Belum lagi dengan kombinasi pengobatan
kemoterapy yang melemahkan fisik. Keluar
dari ruang radiologi seolah semuanya jadi
gelap, rasanya aku tak kuat menahan
segala beban ini. Segera aku sms family
dan teman-teman dekatku, aku kabarkan
keadaan istriku dan kumintakan do’a dari
mereka.
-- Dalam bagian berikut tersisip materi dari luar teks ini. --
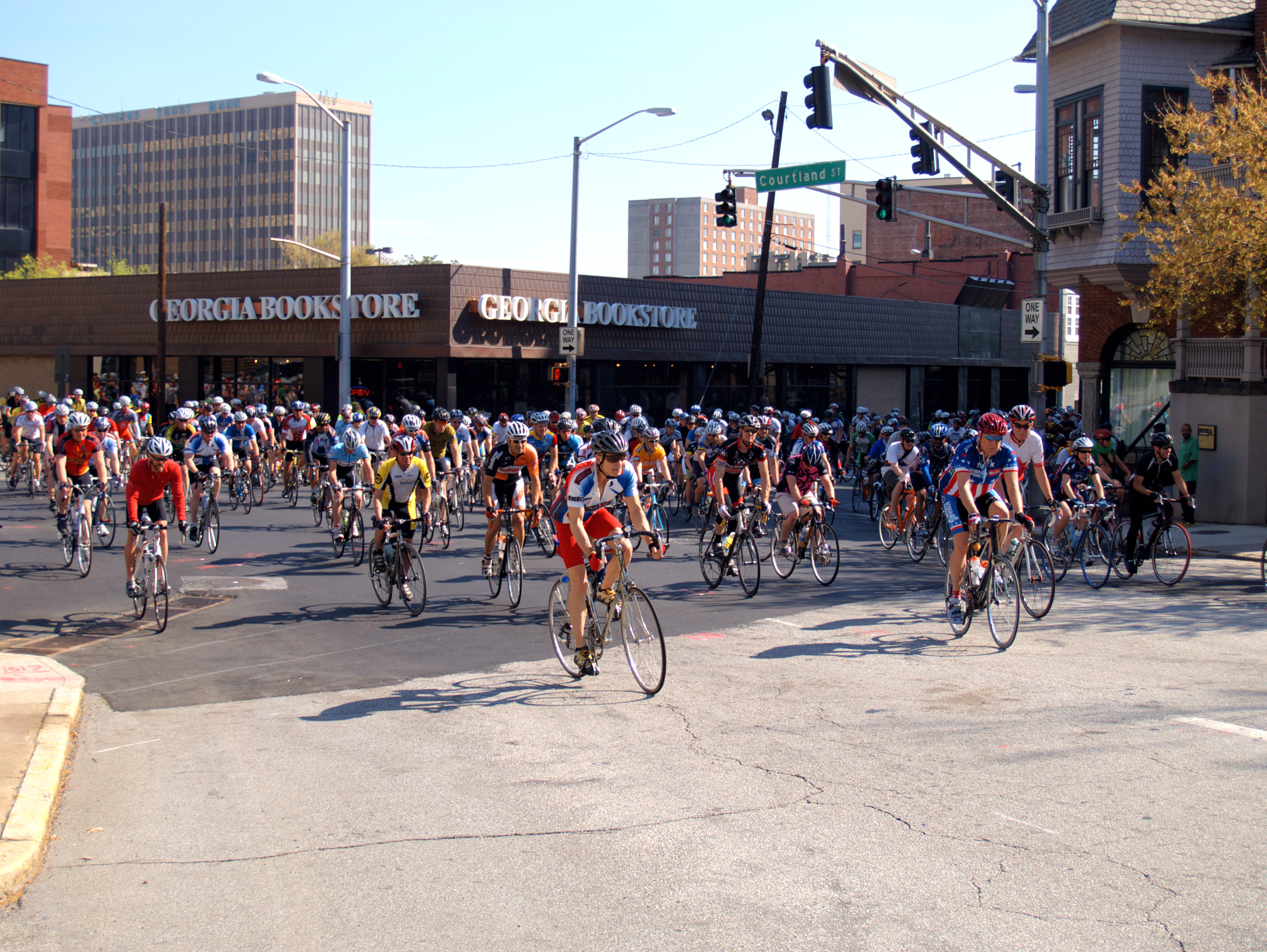 Roswell on the left and Decatur on the right. Riding into the Capital.
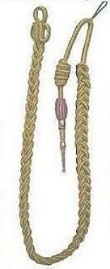 forage in the colors of the ribbon of the Military Medal, with an olive-colored ribbon of the cross of war theater of operations, french Battalion of the United Nations.

Tak terasa bulir-bulir bening air
mata bermunculan disudut mataku. “Ayah
kenapa? nangis yach..?” dengan polos
pertanyaan itu keluar dari bibir istriku. “iya,
ayah sayaaang…. sama bunda,” suaraku
gemetar. Ku usap lembut kepala istriku. Ku
tepis perlahan tangannya yang mencoba
mengusap air mataku, ku gengggam kuat
jari-jari lemahnya. Hatiku berbisik “kenapa
tak ada kesedihan diwajahmu bunda?
apakah bunda ga tau penyakit ini begitu
berbahaya? Atau Allah telah
memberitahukan ini semua kepadamu?”
“Bunda biasa ajah koq..” Jawabanya
malah makin membuatku tak bisa
bernafas, air mataku akhirnya jatuh juga.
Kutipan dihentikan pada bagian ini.